Beoordeling van een terugkeerbesluit en zwaar inreisverbod voor een Albanese vreemdeling na veroordeling voor cocaïnesmokkel

In deze uitspraak van de Rechtbank Den Haag, zittingsplaats Groningen, wordt het beroep van een Albanese vreemdeling beoordeeld tegen een terugkeerbesluit en een zwaar inreisverbod van tien jaar. De eiser, die eerder in Frankrijk verbleef, werd op 10 april 2023 in Nederland aangehouden wegens cocaïnesmokkel en kreeg een gevangenisstraf van 38 maanden opgelegd. De minister van Asiel en Migratie heeft op 26 augustus 2024 een terugkeerbesluit en een inreisverbod uitgevaardigd, waarbij eiser werd opgedragen het grondgebied van de Europese Unie te verlaten. De rechtbank behandelt het beroep van eiser, die aanvoert dat hij ten onrechte als gevaar voor de openbare orde is aangemerkt en dat de raadplegingsprocedure met Frankrijk te laat is gestart.

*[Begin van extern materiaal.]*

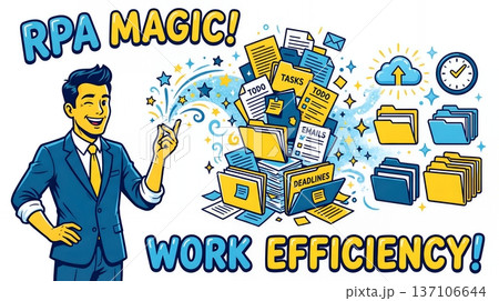 插圖描繪了一位能夠神奇地處理任務並提高工作效率的商務人士。

De rechtbank oordeelt dat de minister terecht heeft geconcludeerd dat eiser een actuele en ernstige bedreiging voor de openbare orde vormt, gezien zijn veroordeling voor een ernstig misdrijf en de recente aard daarvan. De rechtbank wijst erop dat de minister bij de beoordeling van het inreisverbod alle relevante feiten en omstandigheden in acht heeft genomen. Eiser's argument dat de raadplegingsprocedure te laat is gestart, wordt verworpen, omdat de minister verplicht was om het terugkeerbesluit en inreisverbod uit te vaardigen op basis van de openbare orde. De rechtbank concludeert dat het beroep ongegrond is en dat de minister het terugkeerbesluit en inreisverbod terecht heeft opgelegd. Eiser krijgt geen proceskostenvergoeding.

Uitspraak

RECHTBANK DEN HAAG
Zittingsplaats Groningen
Bestuursrecht
zaaknummer: NL24.34986

uitspraak van de enkelvoudige kamer in de zaak tussen

[naam] , V-nummer: [nummer] , eiser

(gemachtigde: mr. S.R. den Toonder),
en
de Minister van Asiel en Migratie [1] , de minister
(gemachtigde: mr. B.W. Zagers).

Inleiding

1. In deze uitspraak beoordeelt de rechtbank het beroep van eiser tegen de uitvaardiging van een terugkeerbesluit en een zwaar inreisverbod voor de duur van tien jaren.
1.1.
Eiser is afkomstig uit Albanië en geboren op [geboortedatum] . Hij had tot 27 augustus 2024 een verblijfsrecht in Frankrijk. Op 10 april 2023 is hij in Nederland aangehouden toen hij van Nederland naar Frankrijk cocaïne transporteerde. Bij vonnis van 1 augustus 2023 is aan eiser vanwege cocaïnesmokkel een gevangenisstraf van 38 maanden opgelegd.
1.2.
Met het bestreden besluit van 26 augustus 2024 heeft de minister een terugkeerbesluit uitgevaardigd, waarbij eiser is aangezegd dat hij het grondgebied van de Europese Unie (behalve Ierland), Noorwegen, IJsland, Liechtenstein en Zwitserland meteen moet verlaten. Daarnaast heeft de minister een inreisverbod opgelegd voor de duur van tien jaren. Voorts heeft de minister een besluit genomen tot signalering in de zin van artikel 24, eerste lid, onder a, Vo (EU) 2018/1861. De minister heeft vermeld dat het terugkeerbesluit wordt gesignaleerd in het Schengen-Informatiesysteem (SIS) en dat, indien het vertrek van eiser bij de IND bekend is, de signalering van het terugkeerbesluit vervalt en vervolgens het inreisverbod in het SIS wordt gesignaleerd.
1.3.
Op 29 augustus 2024 heeft de minister de procedure tot overleg met Frankrijk gestart (raadplegingsprocedure).
1.4.
Eiser heeft tegen het bestreden besluit beroep ingesteld. De minister heeft op het beroep van eiser gereageerd met een verweerschrift.
2. De rechtbank heeft het beroep op 16 december 2024 op zitting behandeld. Hieraan hebben deelgenomen: eiser, de gemachtigde van eiser, een tolk en de gemachtigde van de minister.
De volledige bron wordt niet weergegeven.